Генрих покорился и лег на Маруськину деревянную лежанку. Маруська укрыла его лоскутным одеялом.
Как только голова его коснулась подушки, он мгновенно уснул. Ему было хорошо на настоящей постели, под теплым настоящим одеялом. Он ровно дышал и улыбался во сне.
Маруська долго сидела возле Генриха, смотрела при свете коптилки ему в лицо и думала: тоже ведь чей-то сын, где-то сейчас мать о нем думает...

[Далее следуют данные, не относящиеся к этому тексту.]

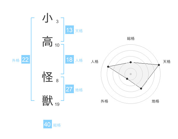 小高 怪獣さんの天格は13画の5点!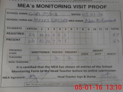 | Attendance Register | Head Teacher | MEA with School | Visit Proof |
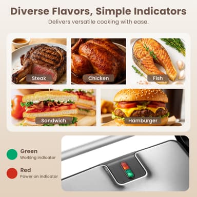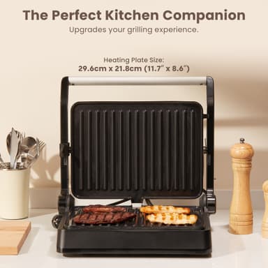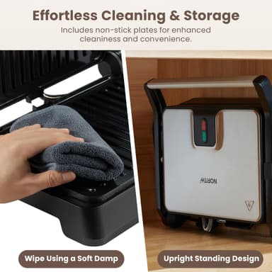 North paninigrill 205008 har en non-stick grillyta på 29,6 x 21,8 cm för perfekt krispiga, gyllenbruna smörgåsar. Den är utrustad med indikatorlampor som visar när apparaten är uppvärmd och när dina smörgåsar är klara att avnjutas.Läs mer om produkten
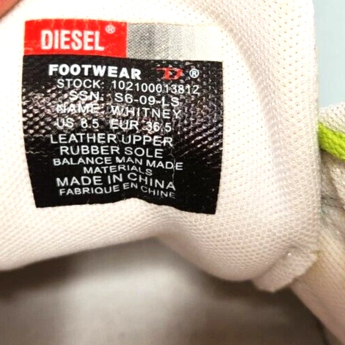 Brand: Diesel Color: Multicolor Department: Women US Shoe Size: 6.5 gtin13: n/a UPC: n/a Type: Athletic Style: Sneaker UK Shoe Size: n/a Style Code: low top sneakers Seller Notes: “very good preowned condition” Customized: No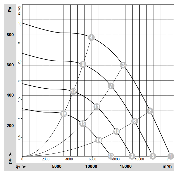 Характеристики производительности центробежного EC-вентилятора RadiCal R3G630FB3203: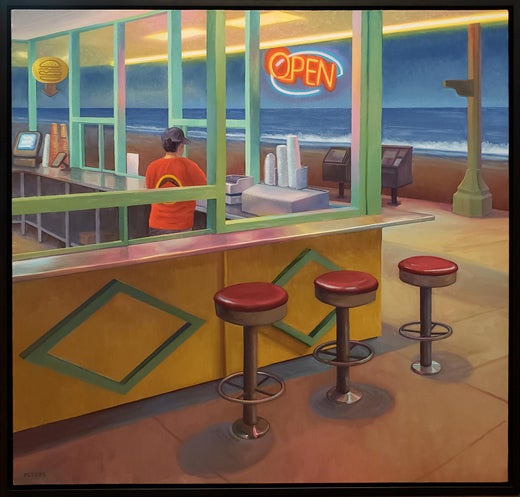 Night Burger ; peinture de genre d'un ouvrier spécialisé dans la nourriture rapide regardant une plage tranquille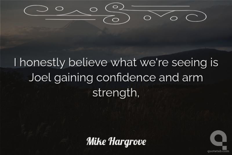 I honestly believe what we're seeing is Joel gaining confidence and arm strength,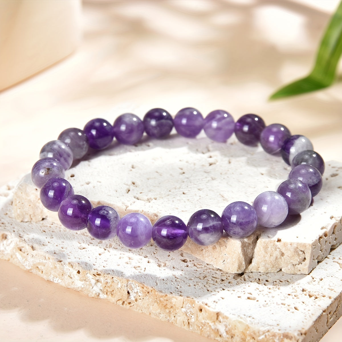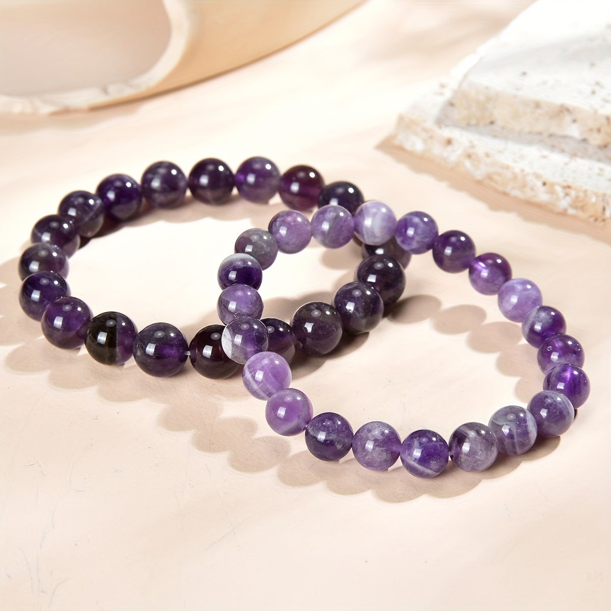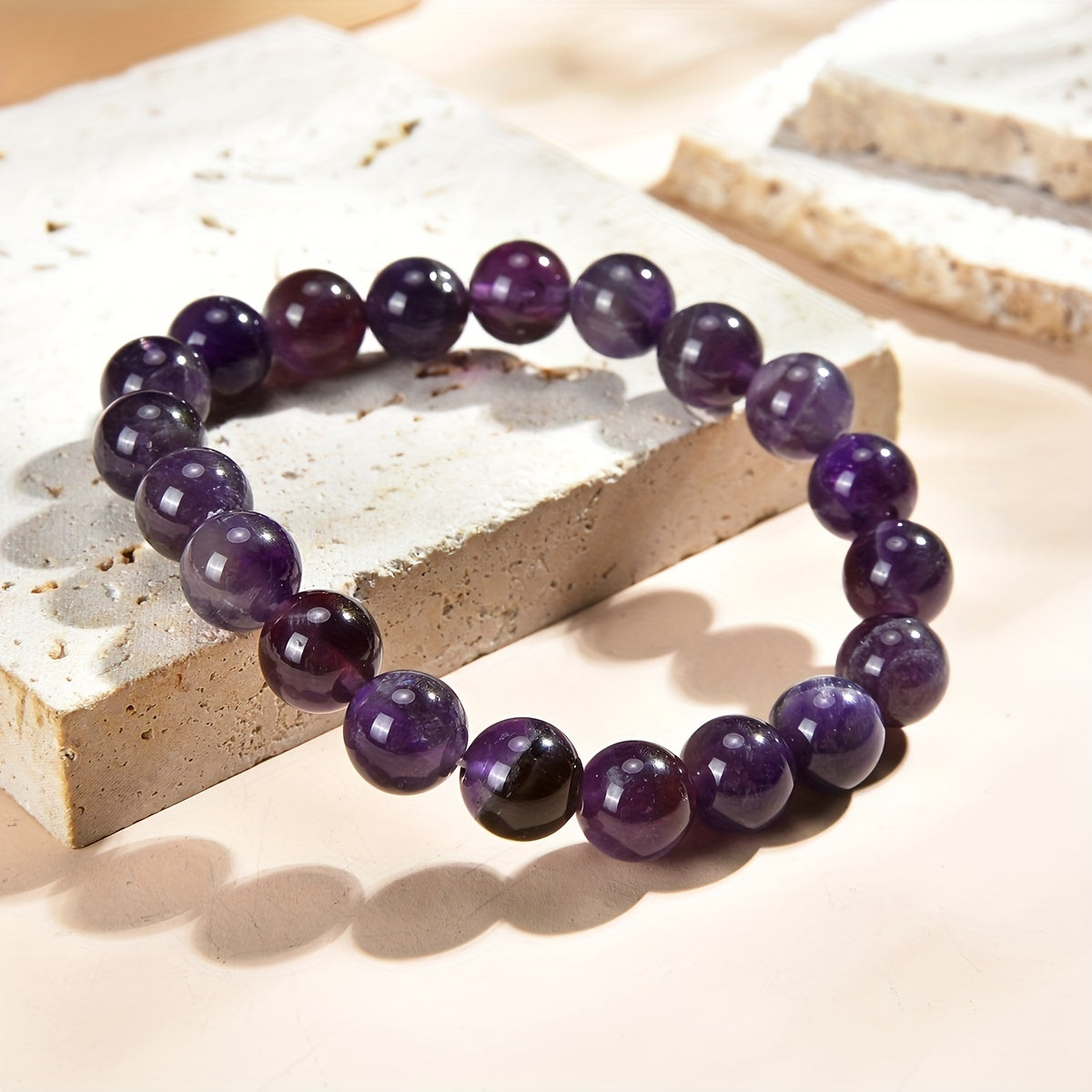 This stunning 10mm Amethyst bead bracelet is made of natural stone. It is a perfect gift for any occasion.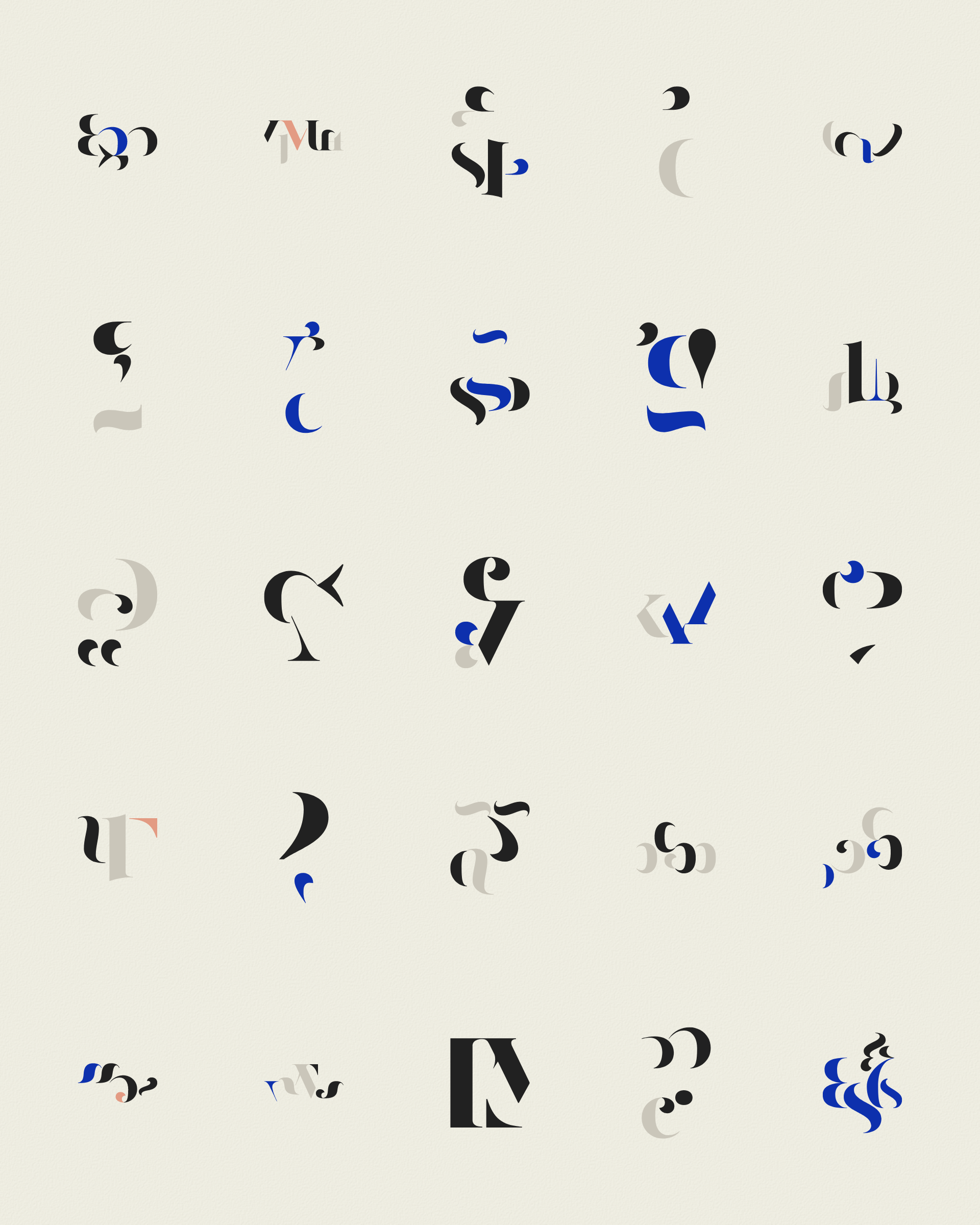Abstract typographic elements slide together to create new characters. In some compositions, a single character is featured. In others, characters string together to form words and sentences, which the algorithm shapes into often-familiar layouts. // The type designer Gerard Unger said “it is almost impossible to look and read at the same time”. Asemica invites you to look without the burden of legibility. // Created by Emily Edelman, Dima Ofman, and Andrew Badr. Command-S to download a vector file. // Dutch Auction Tiers: 10 / 7 / 5 / 4 / 3.4 / 2.8 / 2.4 / 2 / 1.75 / 1.5 / 1.25 / 1 / 0.75 / 0.5 / 0.25 / 0.1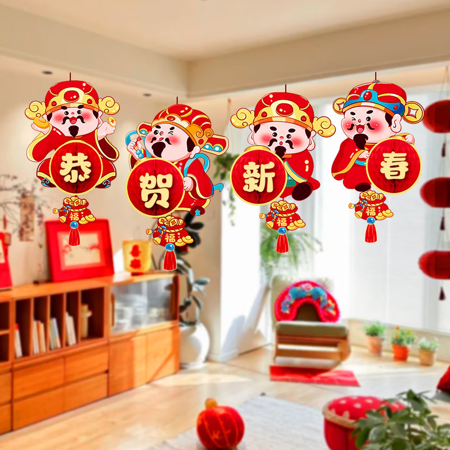 曦米HL03新年装饰氛围布置吊旗挂件 恭贺新春 4个套装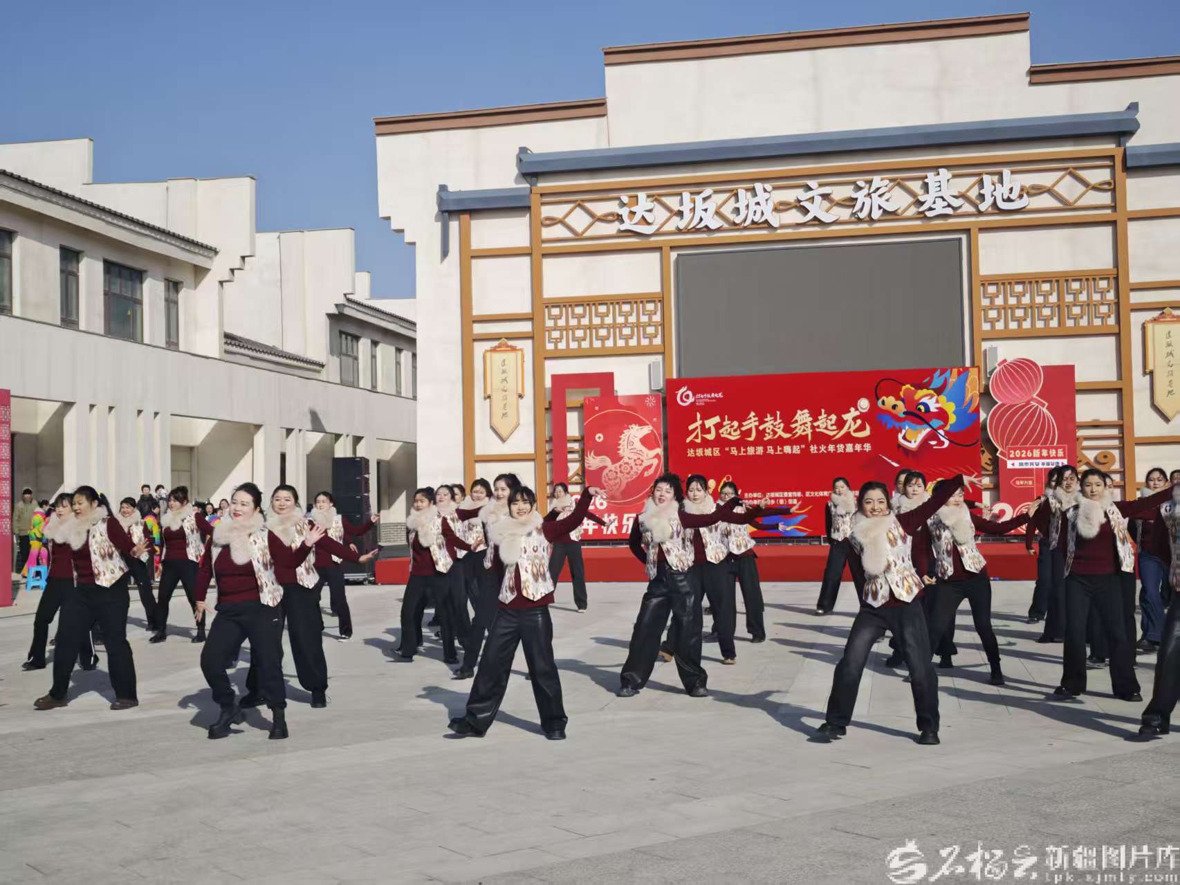 达坂城文旅基地,“达坂城的姑娘社火表演队”进行社火表演活动。石榴云/新疆日报记者宋海波摄

«Зачем эти мучения, — думала она. — К чему все это? Разве для мук рождается человек?..»
Маруська погасила коптилку и прилегла рядом с Генрихом. И даже приобняла его, подумав: мой сыночек...
Уснула незаметно. Сквозь сон ощутила: Генрих обнимает ее и крепко целует в лицо.
Маруська проснулась для горя и позора.
Она открыла глаза от крика, — над ними с Генрихом стояли мать Любовь и Даша Винокуриха. Мать пришла с работы из шахты; Даша по санкам с дровишками, стоявшим возле Маруськиной халупки, определила, где заночевал ее постоялец, и зашла, чтобы разбудить его и прогнать домой. Даша думала, что Генрих застыл где-нибудь посреди дороги от немощи и холода, а он, оказывается, устроился на удобный переночев, — ходок!
— Вот она, Любовь, твоя малолеточка! — укоряла Даша Винокуриха мать. — Из молодых, видать, твоя ненаглядная, да ранних: чужого мужика заманила, спит с ним, как со своим, в обнимку, — где только выучилась развратству!
Мать засучила для расправы над дочерью рукава кофты.
— Нет, Любовь, если ты ее сейчас, — ровно, хотя и с гневом в голосе, говорила Винокуриха, — если ты ее сейчас не проучишь как следует, я ее сама отдую, без волос, курву, оставлю. Тоже мне, подруженька! Змея!
— Ты не сумлевайся, Дашка, я ее проучу, — говорила Любовь. — У меня на нее чешутся кулаки... — И она шагнула к лежанке. Маруся плотно зажмурилась и закрыла лицо руками.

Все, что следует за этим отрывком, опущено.